June 12, 2026 · 6 min read

Keyword research sounds technical, but at its heart it's simple: figuring out the words real people type when they're looking for a business like yours. For a local business, the goal is to match the phrases your nearby customers actually use, so your website shows up when they search. You can do meaningful research without any paid tools or marketing background.

Think like your customer, not like an expert

You probably describe your work in industry terms, but customers rarely do. They search in plain, everyday language tied to a problem or a place. Start by writing down how a regular person would ask for what you offer, out loud, the way they'd say it to a friend.

  • A service plus a place, like emergency plumber near me
  • A problem they want solved, like leaking faucet repair
  • A specific offering, like gel manicure or kids haircut
  • Their town or neighborhood added to any of the above

Let Google show you what people search

Google quietly hands you free research every day. Start typing a phrase into the search bar and watch the autocomplete suggestions, those are real searches people make. Scroll to the People Also Ask boxes and the related searches at the bottom of the results page. Together they reveal the exact wording and questions your customers use, no tools required.

Favor specific phrases over broad ones

It's tempting to chase a huge word like dentist, but those searches are crowded and rarely local. You'll win far more often with longer, specific phrases that show clear intent. Someone searching for affordable family dentist in your town is closer to booking than someone typing a single broad word, and far fewer businesses are competing for it.

Match each phrase to a page

Once you have a list, give your best phrases a home. Cramming them all onto one page doesn't work and reads badly. Instead, map related terms to dedicated pages so each one answers a specific search clearly and naturally.

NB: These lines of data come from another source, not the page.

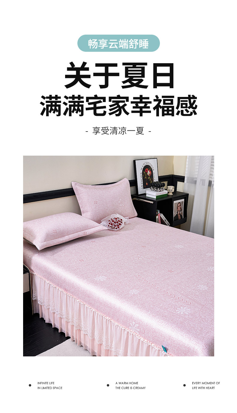 (总)青雅席业 2026年新款A类提花工艺(提花双面)凉感豆豆席床裙款,床裙款-雾里看花-粉,床裙款-雾里看花-灰,床裙款-雾里看花-香槟,床裙款-雾里看花-蓝,床裙款-雾里看花-绿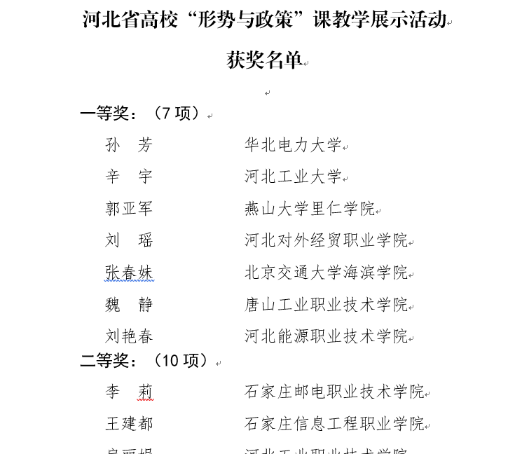 据悉,本次河北省高校“形势与政策”课教学展示比赛由河北省教育厅举办,旨在有效深化“形势与政策”课教学改革,发现培养一批优秀骨干教师。全省各高校高度重视,积极响应,活动共征集到来自全省高校“形势与政策”课教学活动展示作品86项,经组织专家评审,共评选出一等奖7项、二等奖10项、三等奖17项。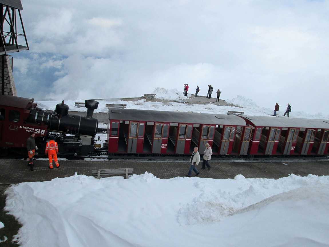 Гора Шлафберг — в переводе Овечья гора. Состав всего 3 вагона. Сзади такого маленького состава едет локомотив, который толкает перед собой вагоны. Вместо рельсов находятся зубцы, за которые цепляются колёса, и от этого вагончики потряхивает. Наверху лежит снег, который расчищает трактор. Снег настолько белый, что казался с голубым оттенком.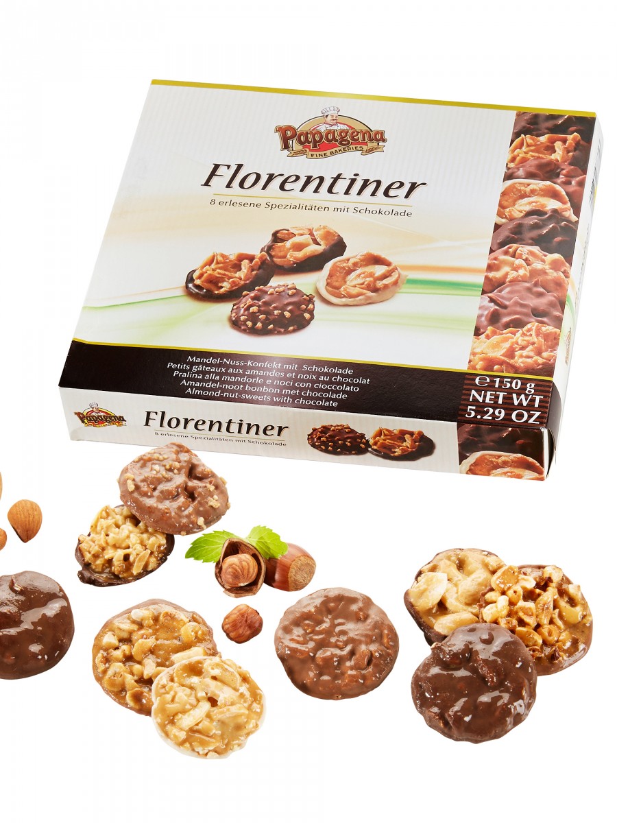 Mmmh Da läuft einem das Wasser im Mund zusammen. Gebäcktaler aus karamellisierten, gehobelten Haselnüssen und Mandeln mit einem Boden aus edelherber Zartbitter-, Vollmilch- und weißer Schokolade. Das knackig-kernige Gebäck stammt ursprünglich aus Florenz und verleiht Ihrer Kaffeetafel das „gewisse Etwas“. 150 g.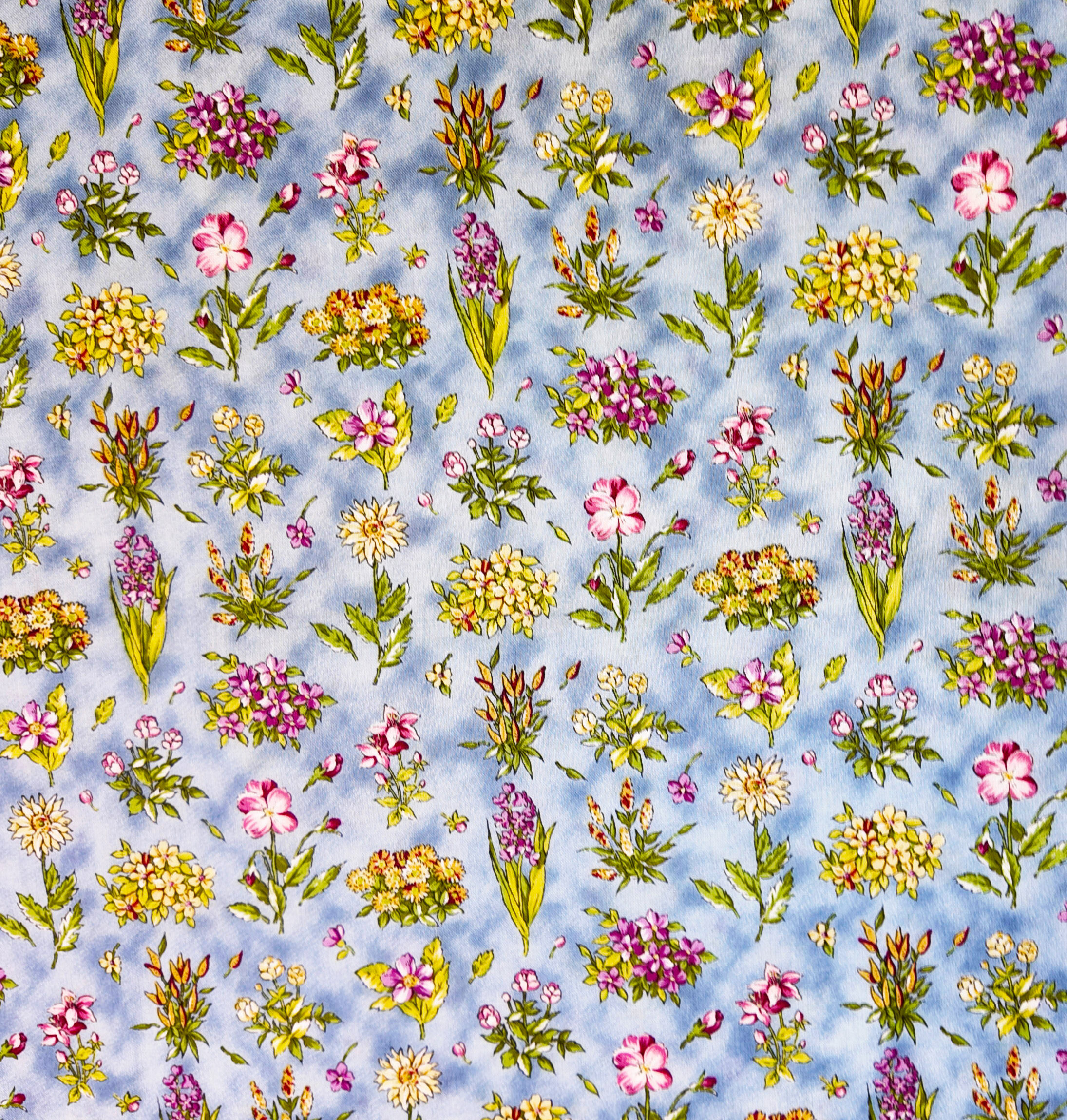 Un ciel d’aquarelle bleue sert de toile à de petits bouquets champêtres, peints de mauve, rose et vert tendre. Le motif respire la campagne, doux et enjoué, comme un herbier léger sur fond vaporeux. Motif petit et espacé.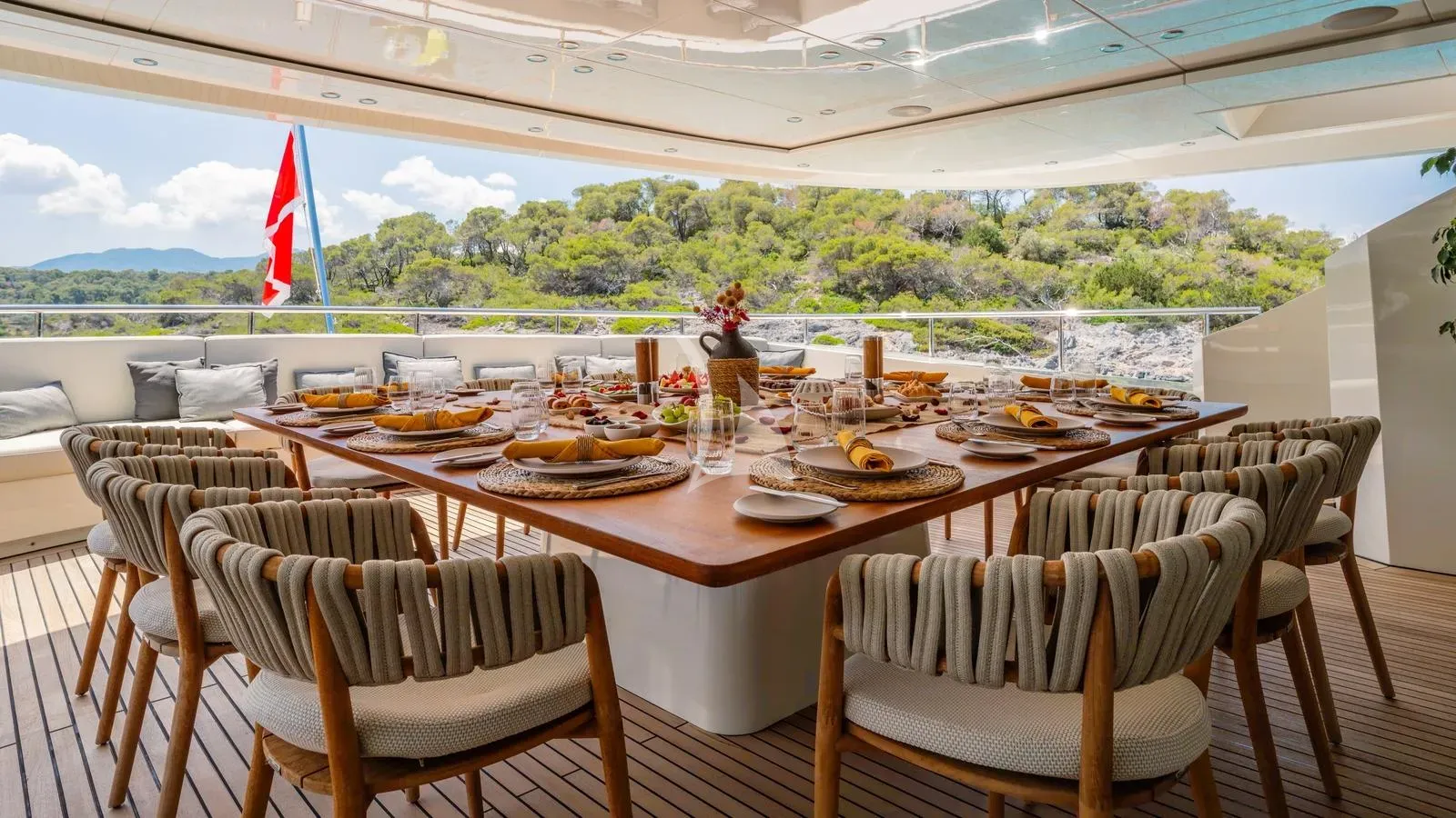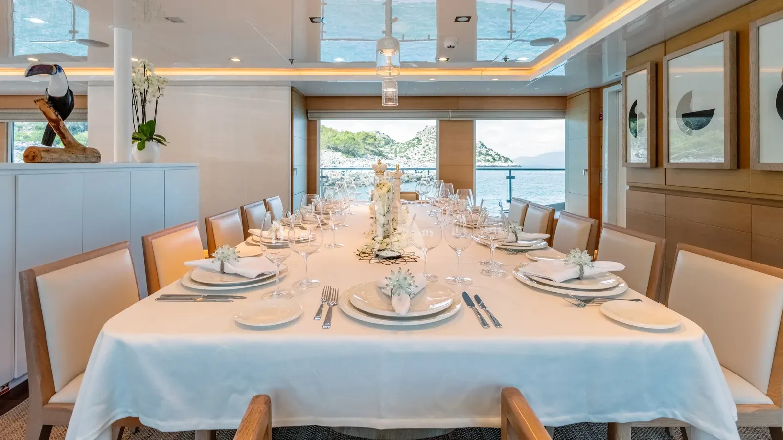 ZIA can accommodate up to 12 guests in 6 luxury cabins, comprising a master suite on the main deck, one VIP cabin on the upper deck, two double cabins, and two twin cabins on the lower deck; the twin cabins are convertible to double-bed cabins. The master suite benefits from a his-and-her bathroom and boasts its own Jacuzzi. Guests on board will enjoy the attentive service of a skilled crew of 12, committed to fulfilling your every requirement and ensuring each detail is handled with precision. Delight in exquisite cuisine crafted by the onboard Chef, served in sophisticated indoor dining spaces or al fresco beneath the starlit sky.

  • A main service gets its own page built around its phrase
  • Your town and neighborhoods appear naturally in the text
  • Common questions become headings or a short FAQ
  • Write for people first, then weave keywords in where they fit

Check your list and refine over time

Keyword research isn't a one-time task. After your pages are live, notice which phrases bring people in and which questions customers keep asking you in person or on the phone. Those real conversations are a goldmine of new terms. Add them, adjust your pages, and your list keeps getting sharper as you learn what your community actually searches for.

Good local keyword research is mostly listening, paying attention to how your customers talk and what they type. Start with plain language, mine Google's free suggestions, lean into specific phrases, and give each one a clear page. Do that and you'll show up for the searches that bring real customers through your door.